For detailed installation options including conda environments, specific versions, and development setup, see the Installation section below.

Usage

Command Line

Basic usage:

modaq -i /path/to/mcap/files -o /path/to/output

Available arguments:

Argument	Description	Required	Default
`-i`, `--input-dir`	Directory containing MCAP files	Yes	-
`-o`, `--output-dir`	Directory for output	No	`./data/`
`--async`	Enable asynchronous processing of MCAP files (Much faster, but uses more cores)	No	`False`

Example with all options:

modaq -i /path/to/mcap/files -o /path/to/output --async

Python

# Convert multiple MCAP files
from modaq_toolkit import process_mcap_files
process_mcap_files("input_directory", "output_directory")

# Or work with a single file
from modaq_toolkit import MCAPParser
parser = MCAPParser("path/to/file.mcap")
parser.read_mcap()
parser.create_output("output_directory")

Output Structure

The toolkit processes data in two stages:

a1_one_to_one/: Preserves the original data structure
- Contains Parquet files organized by topic
- Includes metadata describing schemas and structure
a2_real_data/: Optimizes data for time series analysis
- Expands array data for easier analysis
- Maintains same file organization as stage 1

Using Parquet Data

Python with pandas

Read all Parquet files from a directory:

from pathlib import Path

import pandas as pd

# Read all parquet files in a directory
# Path uses forward slash on Windows, MacOS and Linux
directory = Path("path/to/parquet/files").resolve()

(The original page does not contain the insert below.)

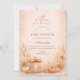 A warm and cozy fall baby shower design featuring a hand-painted watercolor pumpkin surrounded by soft peach florals, golden leaves, and delicate autumn accents. The earthy orange palette and elegant arch layout create a refined harvest aesthetic that feels timeless and inviting. Perfect for an autumn celebration, a neutral fall theme, or a charming “Little Pumpkin” baby shower with rustic floral details.

df = pd.read_parquet(directory)

# Ensure that the data is sorted by time
df = df.sort_index()

# Print a summary of the df
print(df.info())

# Print the first 5 rows of df
print(df.head())

Read a single Parquet file:

import pandas as pd

parquet_file = Path("path/to/file.parquet").resolve()
# Read single parquet file and sort by time
df = pd.read_parquet(parquet_file)
df = df.sort_values('time')

# Print a summary of the df
print(df.info())

# Print the first 5 rows of df
print(df.head())

MATLAB

Read all Parquet files from a directory:

% Create a datastore for the directory
ds = parquetDatastore("path/to/parquet/files", "OutputType", "timetable");

% Preview the dataset
preview(ds)

% Read all data and convert to table
df = readall(ds);

% Sort by time
df = sortrows(df, 'time');

Read a single Parquet file:

% Read single parquet file
df = parquetread("path/to/file.parquet");

Note: MODAQ data always includes a time column which should be used for sorting and time series analysis.

Installation

1. Prerequisites: Install Python/Anaconda

For NLR Enterprise Users:

Open "Portal Manager" on your NLR workstation

Browse to the Anaconda package
Click "Install" to get the full Anaconda distribution with Python

For Non-NLR Users:

Download either:
- Anaconda (full distribution with many pre-installed packages)
- Miniconda (minimal distribution, recommended for most users)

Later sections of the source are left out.